European Council on Foreign Relations

The clock is ticking on Cyprus

 

An island on the edge of Europe with an outsize banking sector, lots of offshore investors flocking in, and an external economic shock leading to a financial crash of dramatic proportions: it’s not like we have never been there. But this time around it’s Cyprus, not Ireland or Iceland. This is yet more proof that no country is an island spared amidst the pan-European storm which is unlikely to go away. The restructuring of Greek debt and the ‘haircut” imposed on institutional investors has taken toll on the banks in next-door Cyprus (the Bank of Cyprus alone took losses worth €1.3 billion a year ago). The situation is pretty dire: the two largest banks – the Bank of Cyprus and Laiki (Popular) Bank are practically bankrupt. And Cyprus, with bank assets eight times its GDP and deposits four times, outdoes both Ireland in 2010 and Iceland in 2008. But nonetheless the déjà vu continues: talking heads in Europe and beyond compute the likelihood of pan-European havoc wrought by a run on Cypriot banks: talk that by now is painfully familiar to everyone in the EU. For decades a Cyprus split into Greek and Turkish parts was a symbol of division. If anything it now stands for connectedness and interdependence, albeit of the negative kind.

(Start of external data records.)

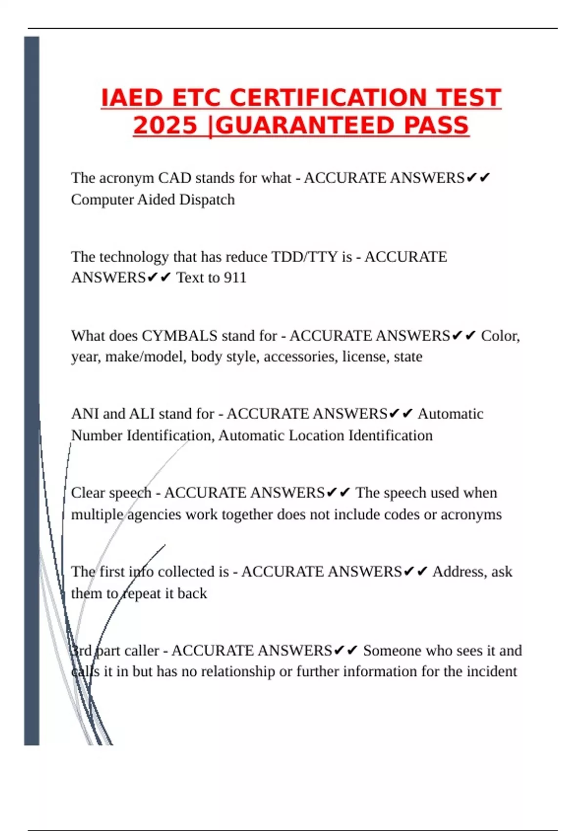 ANSWERS✔✔ Text to 911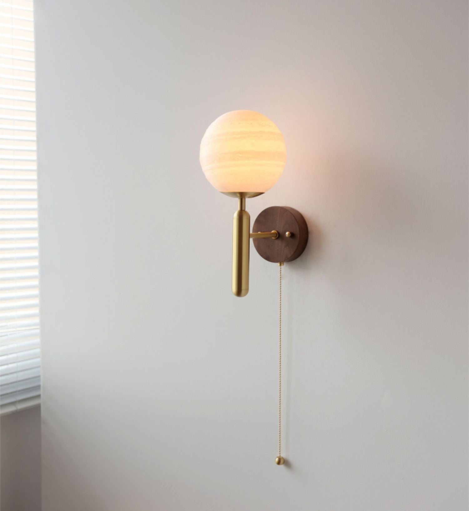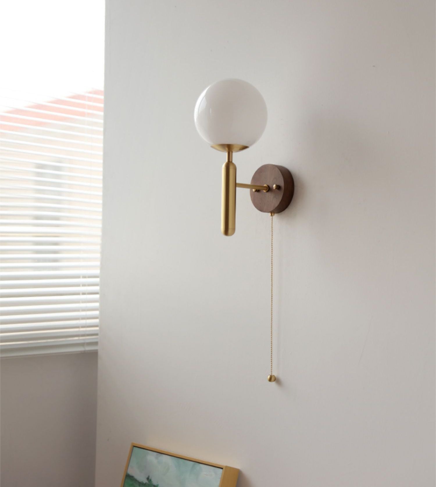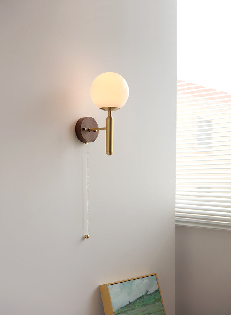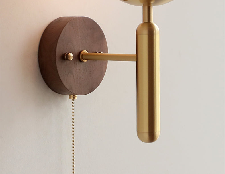Add a modern layer of interest to your home with this wall light with a wood walnut wall plate. This lamp features a wooden wall plate and a glass or PE lampshade. The shape has both traditional and modernism, and with its exquisite design, it is suitable for contemporary rooms.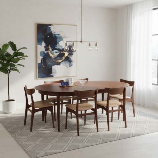 Runt bordet får man plats med 8-10 sittplatser när de båda utdragsskivorna är utdragna.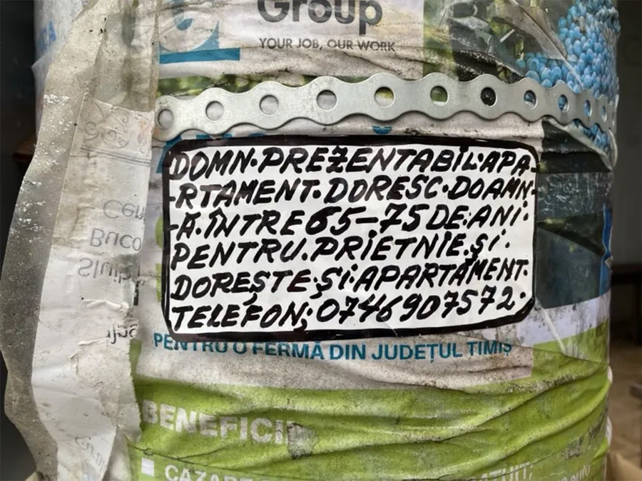 „Domn prezentabil, apartament, doresc doamnă între 65 – 75 de ani pentru prietenie și dorește apartament”, se arată în afișul lipit pe un stâlp de către un bărbat.
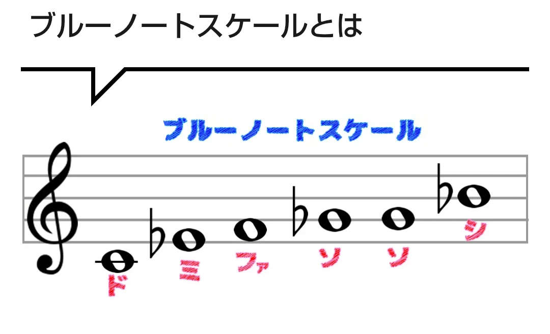 ブルーススケールはド・ミ♭・ファ・ソ♭・ソ・シ♭・ドです。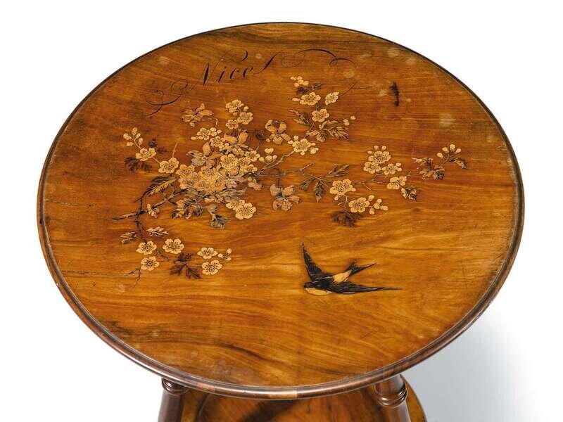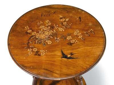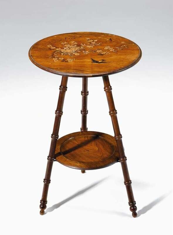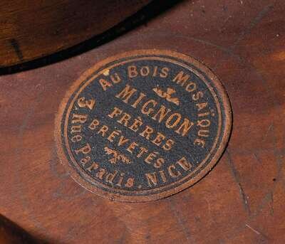 The circular top inlaid with cherry blossoms and a swallow, inscribed in penwork 'Nice', raised on stylized bamboo supports, the underside with a label 'Mignon Freres, Brevetes, Nice'.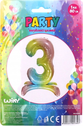 Denne regnbueballon formet som tallet 3 er et perfekt valg til fødselsdage og andre særlige lejligheder. Dens strålende regnbuefarver og størrelse på 80 cm gør den til et iøjnefaldende element i udsmykningen, som ser fantastisk ud på billeder.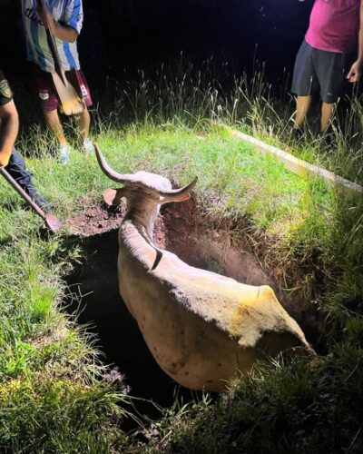 Finalmente, alrededor de las 23:30, y con la ayuda de vecinos y bomberos, lograron retirar al animal del pozo, poniendo a salvo al bovino.

Interdependence is all fine and dandy in fair weather but when times get tough who it is to pay the bill? Obviously, the European Stability Mechanism (ESM) was set up to that end. But it is ultimately an intergovernmental tool, dependent on the will of member states. Which in turn means that leaders such as Angela Merkel have to convince their sceptical voters why their taxes should be spent to revive reckless banks and Russian depositors (believed to hold up to €20 billion in deposits) in a land far away which is, on top of everything, a known offshore haven. Why not opt for an Iceland scenario and leave banks go bust, while guaranteeing deposits? In all fairness, the (in)famous troika composed of the European Central Bank (ECB), the IMF and the European Commission has taken a more nuanced position – the €10 billion bailout package from the ESM has to be matched by €5.8 billion raised by Cyprus itself, perhaps by a “bail-in” of banks themselves. Only that two days ago mass protests forced the parliament in Nicosia to strike down the plan, which foresaw a one-off levy charge of up to 9.9% on depositors.

The clock is now ticking until Plan B is adopted. Banks are closed, due to reopen on Tuesday. The closures mean transactions have been frozen, the first time that the euro crisis has hit the EU’s Single Market and the free movement of capital. At the local level, even when the banks reopen (hopefully!) they might have not enough cash to meet the claims by businesses and households. The other casualty might well turn out to be the banking union, including a mutualised deposit guarantee scheme, launched back in 2012 as one of the planks of a future EU architecture.

Clearly, Russia (which loaned Cyprus EUR €2.5 billion in 2011) is not coming to the rescue, but neither is ‘big brother’ Greece. Despite the fact that Cypriot President Nicos Anastasiades, elected recently on the promise to clear the mess, has called several times on fellow centre-rightist Andonis Samaras to give a helping hend. Prodded by its own central bank Greek banks are said to be acquiring the subsidiaries of Cypriot institutions, to prevent reverse contagion. PM Medvedev says Russia needs the EU to step in first before it commits, and the message from Athens is hardly any different. So the troika and its conditionality could be the only option left. And German Finance Minister Wolfgang Schaeuble comments that Cyprus wouldn’t be able to raise its share of the rescue package without a levy.

The story is still in the making and we won’t known until the 12th hour strikes. But there is one other precedent from Ireland that we ought to bear in mind: the need to repeat a vote until Europe is satisfied that the "right" decision has been arrived at.